_Records for this task:_
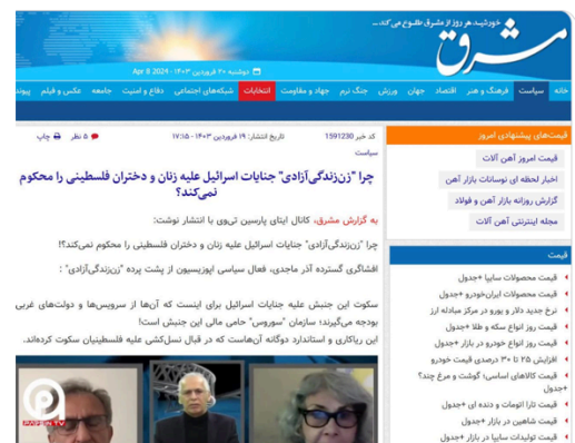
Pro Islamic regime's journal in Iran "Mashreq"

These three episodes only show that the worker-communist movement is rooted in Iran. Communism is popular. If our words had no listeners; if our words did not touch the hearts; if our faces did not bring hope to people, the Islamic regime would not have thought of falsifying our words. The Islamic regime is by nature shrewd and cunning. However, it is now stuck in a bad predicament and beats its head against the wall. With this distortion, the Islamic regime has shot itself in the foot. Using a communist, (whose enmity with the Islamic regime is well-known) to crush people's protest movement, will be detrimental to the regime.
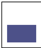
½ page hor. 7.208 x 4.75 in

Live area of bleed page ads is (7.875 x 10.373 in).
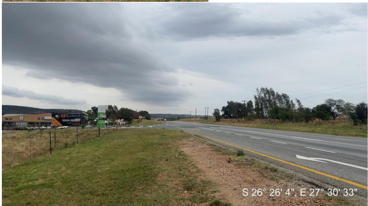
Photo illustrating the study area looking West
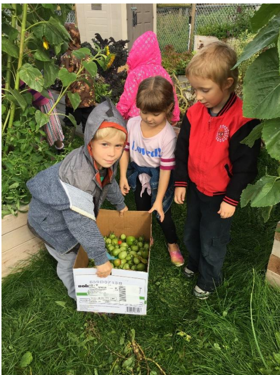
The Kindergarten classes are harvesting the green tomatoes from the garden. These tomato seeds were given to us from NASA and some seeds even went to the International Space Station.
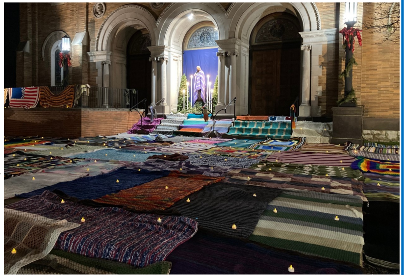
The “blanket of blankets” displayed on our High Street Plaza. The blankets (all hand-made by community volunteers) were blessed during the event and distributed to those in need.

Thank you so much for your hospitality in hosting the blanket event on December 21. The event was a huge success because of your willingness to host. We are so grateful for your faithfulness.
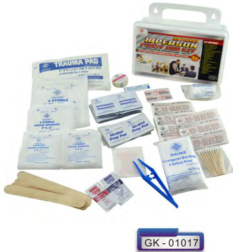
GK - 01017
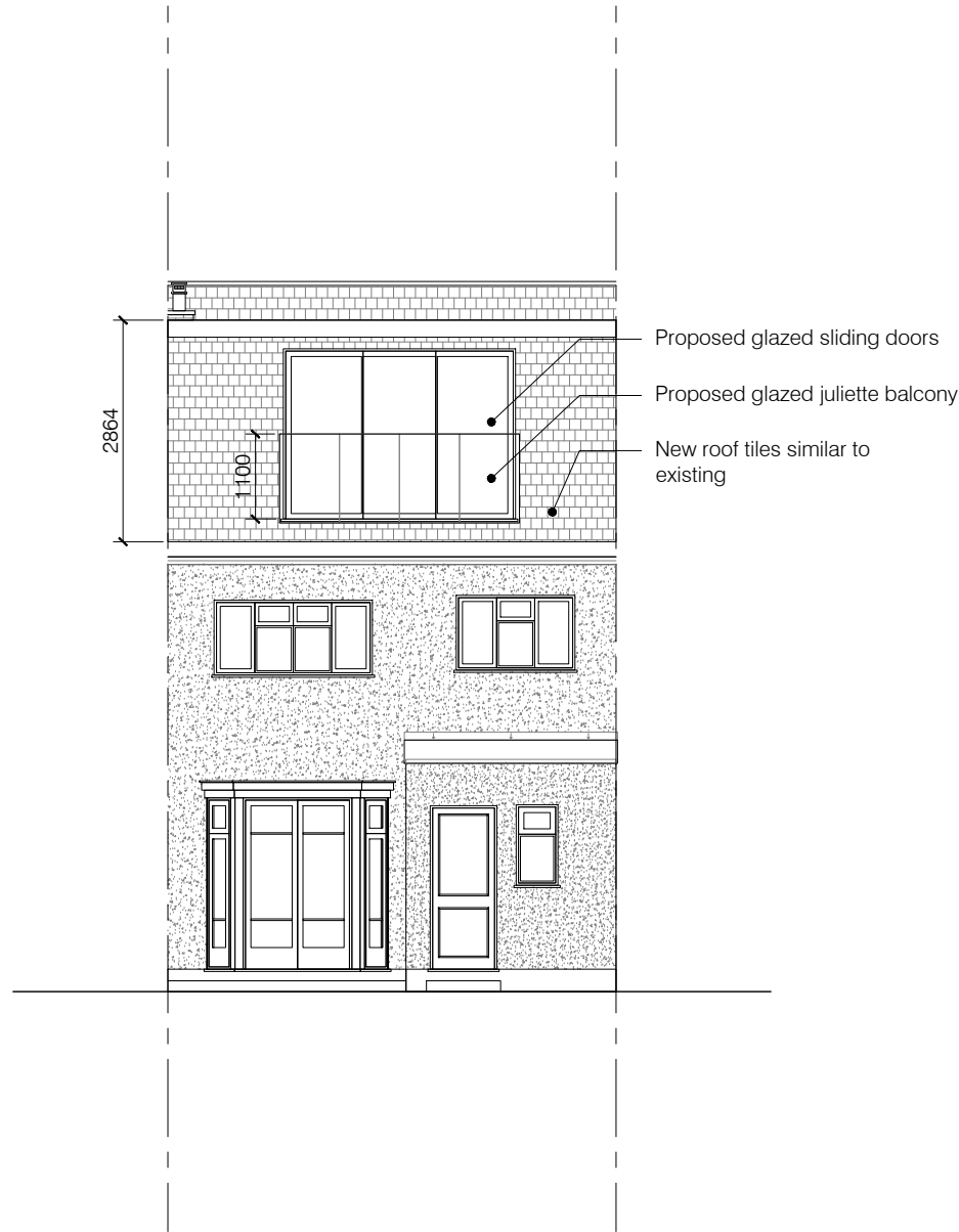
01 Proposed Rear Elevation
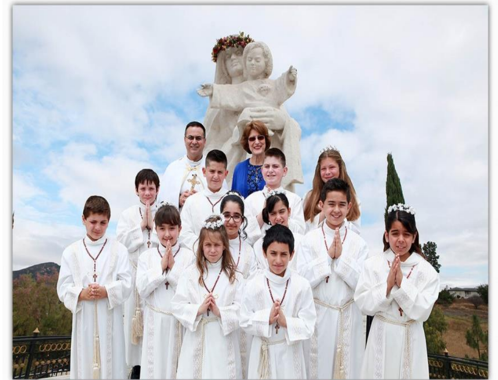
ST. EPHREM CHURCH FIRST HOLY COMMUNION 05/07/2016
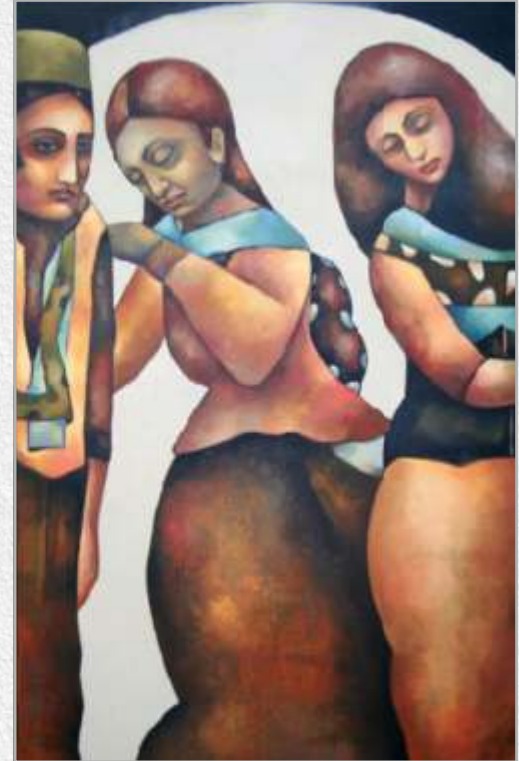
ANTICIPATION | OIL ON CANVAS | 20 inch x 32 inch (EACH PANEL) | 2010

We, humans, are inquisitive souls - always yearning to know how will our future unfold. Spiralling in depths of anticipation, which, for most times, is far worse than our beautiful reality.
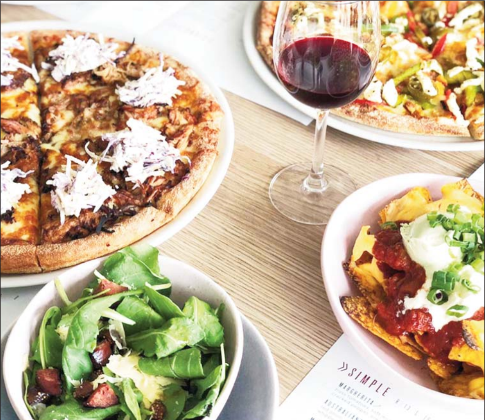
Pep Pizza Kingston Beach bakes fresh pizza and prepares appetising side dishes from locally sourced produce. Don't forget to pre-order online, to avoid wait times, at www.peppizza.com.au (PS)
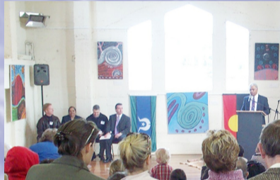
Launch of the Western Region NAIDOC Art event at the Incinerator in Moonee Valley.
* * *
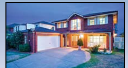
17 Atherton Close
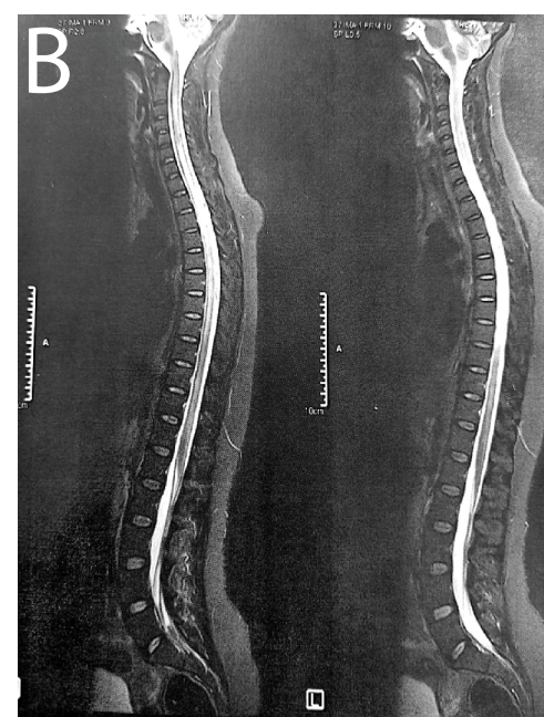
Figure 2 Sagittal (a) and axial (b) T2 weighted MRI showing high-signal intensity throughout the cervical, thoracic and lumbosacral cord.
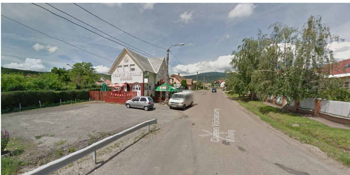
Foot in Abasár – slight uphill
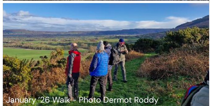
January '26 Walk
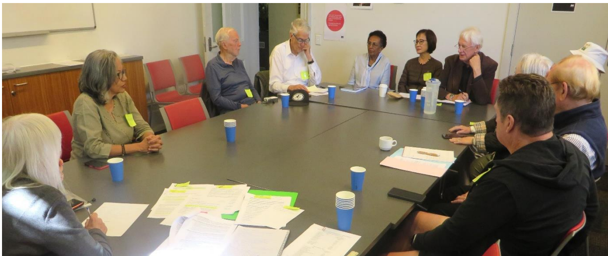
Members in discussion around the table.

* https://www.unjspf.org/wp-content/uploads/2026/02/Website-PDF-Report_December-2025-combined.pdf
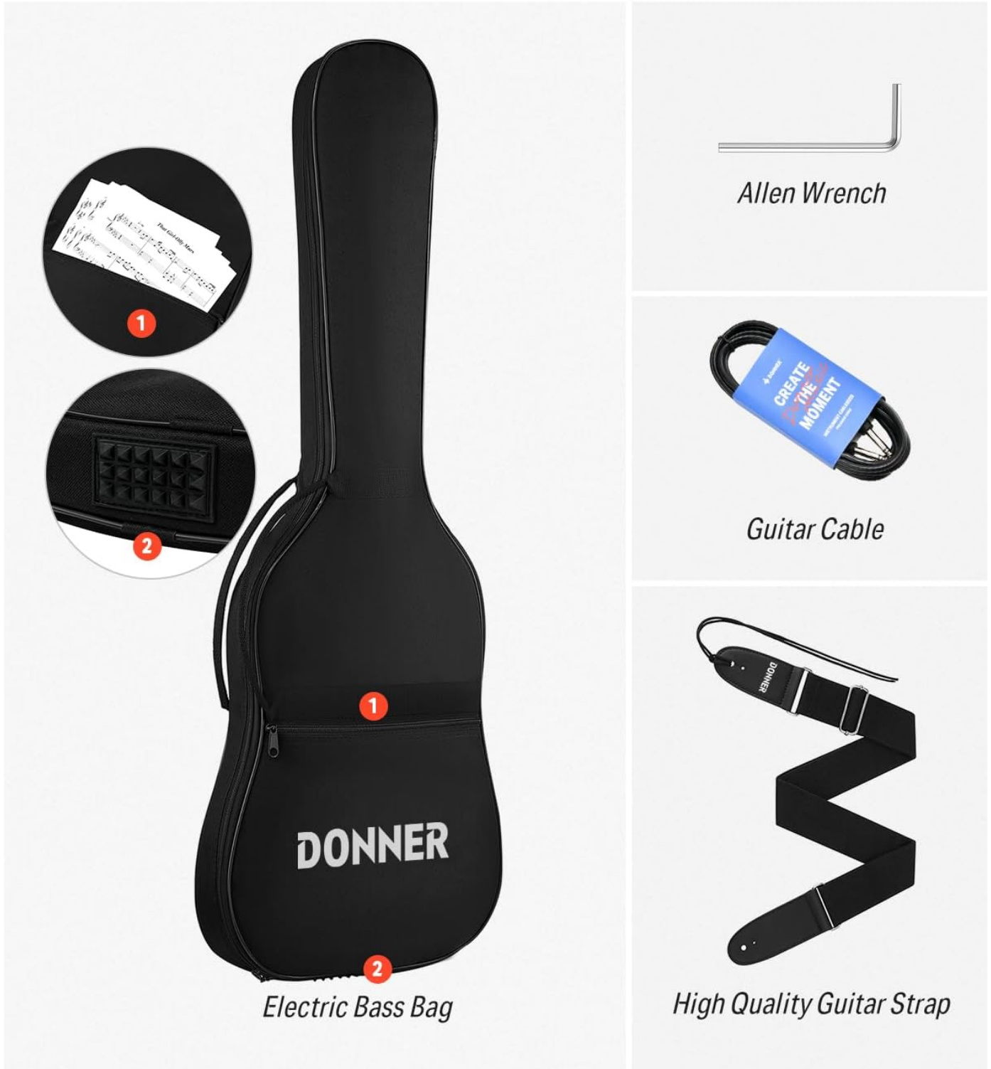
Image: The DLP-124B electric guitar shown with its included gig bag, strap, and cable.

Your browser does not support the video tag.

_What is needed:_ All lines above from the one with "Image: The DLP-124B" to the one with "Your browser does not support the video tag.", inclusive, should be copied exactly, and no other lines.

_Response to this exercise:_
Image: The DLP-124B electric guitar shown with its included gig bag, strap, and cable.

Your browser does not support the video tag.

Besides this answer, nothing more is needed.